(Source material)
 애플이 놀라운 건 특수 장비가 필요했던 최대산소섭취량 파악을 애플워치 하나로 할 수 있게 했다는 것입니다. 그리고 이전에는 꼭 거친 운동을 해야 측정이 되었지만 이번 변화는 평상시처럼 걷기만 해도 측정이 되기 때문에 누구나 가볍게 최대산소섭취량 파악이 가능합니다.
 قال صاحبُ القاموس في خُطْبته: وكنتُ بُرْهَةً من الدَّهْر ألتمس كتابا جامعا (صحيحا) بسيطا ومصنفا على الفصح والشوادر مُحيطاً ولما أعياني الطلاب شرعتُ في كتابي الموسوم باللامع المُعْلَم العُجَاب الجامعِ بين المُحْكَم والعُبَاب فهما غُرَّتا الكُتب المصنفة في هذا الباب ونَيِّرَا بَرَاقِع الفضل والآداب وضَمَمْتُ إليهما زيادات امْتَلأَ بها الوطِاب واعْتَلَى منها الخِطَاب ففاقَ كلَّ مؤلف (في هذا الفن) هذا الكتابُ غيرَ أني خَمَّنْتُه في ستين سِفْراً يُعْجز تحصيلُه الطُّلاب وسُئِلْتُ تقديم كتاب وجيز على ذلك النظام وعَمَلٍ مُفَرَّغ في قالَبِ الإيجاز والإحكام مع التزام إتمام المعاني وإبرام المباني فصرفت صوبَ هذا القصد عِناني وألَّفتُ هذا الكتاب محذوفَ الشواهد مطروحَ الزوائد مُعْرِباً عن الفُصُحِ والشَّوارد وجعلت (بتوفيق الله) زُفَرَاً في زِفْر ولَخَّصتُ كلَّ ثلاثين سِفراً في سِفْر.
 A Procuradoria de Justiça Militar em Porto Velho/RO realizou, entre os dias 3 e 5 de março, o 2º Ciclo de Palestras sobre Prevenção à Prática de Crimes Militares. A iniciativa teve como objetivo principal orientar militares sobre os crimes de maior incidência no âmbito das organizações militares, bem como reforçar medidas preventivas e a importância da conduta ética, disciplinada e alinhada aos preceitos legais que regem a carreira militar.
(End Source material)
* [What you are asked to do] Restate the data word for word.

* [Expected output]
 애플이 놀라운 건 특수 장비가 필요했던 최대산소섭취량 파악을 애플워치 하나로 할 수 있게 했다는 것입니다. 그리고 이전에는 꼭 거친 운동을 해야 측정이 되었지만 이번 변화는 평상시처럼 걷기만 해도 측정이 되기 때문에 누구나 가볍게 최대산소섭취량 파악이 가능합니다.
 قال صاحبُ القاموس في خُطْبته: وكنتُ بُرْهَةً من الدَّهْر ألتمس كتابا جامعا (صحيحا) بسيطا ومصنفا على الفصح والشوادر مُحيطاً ولما أعياني الطلاب شرعتُ في كتابي الموسوم باللامع المُعْلَم العُجَاب الجامعِ بين المُحْكَم والعُبَاب فهما غُرَّتا الكُتب المصنفة في هذا الباب ونَيِّرَا بَرَاقِع الفضل والآداب وضَمَمْتُ إليهما زيادات امْتَلأَ بها الوطِاب واعْتَلَى منها الخِطَاب ففاقَ كلَّ مؤلف (في هذا الفن) هذا الكتابُ غيرَ أني خَمَّنْتُه في ستين سِفْراً يُعْجز تحصيلُه الطُّلاب وسُئِلْتُ تقديم كتاب وجيز على ذلك النظام وعَمَلٍ مُفَرَّغ في قالَبِ الإيجاز والإحكام مع التزام إتمام المعاني وإبرام المباني فصرفت صوبَ هذا القصد عِناني وألَّفتُ هذا الكتاب محذوفَ الشواهد مطروحَ الزوائد مُعْرِباً عن الفُصُحِ والشَّوارد وجعلت (بتوفيق الله) زُفَرَاً في زِفْر ولَخَّصتُ كلَّ ثلاثين سِفراً في سِفْر.
 A Procuradoria de Justiça Militar em Porto Velho/RO realizou, entre os dias 3 e 5 de março, o 2º Ciclo de Palestras sobre Prevenção à Prática de Crimes Militares. A iniciativa teve como objetivo principal orientar militares sobre os crimes de maior incidência no âmbito das organizações militares, bem como reforçar medidas preventivas e a importância da conduta ética, disciplinada e alinhada aos preceitos legais que regem a carreira militar.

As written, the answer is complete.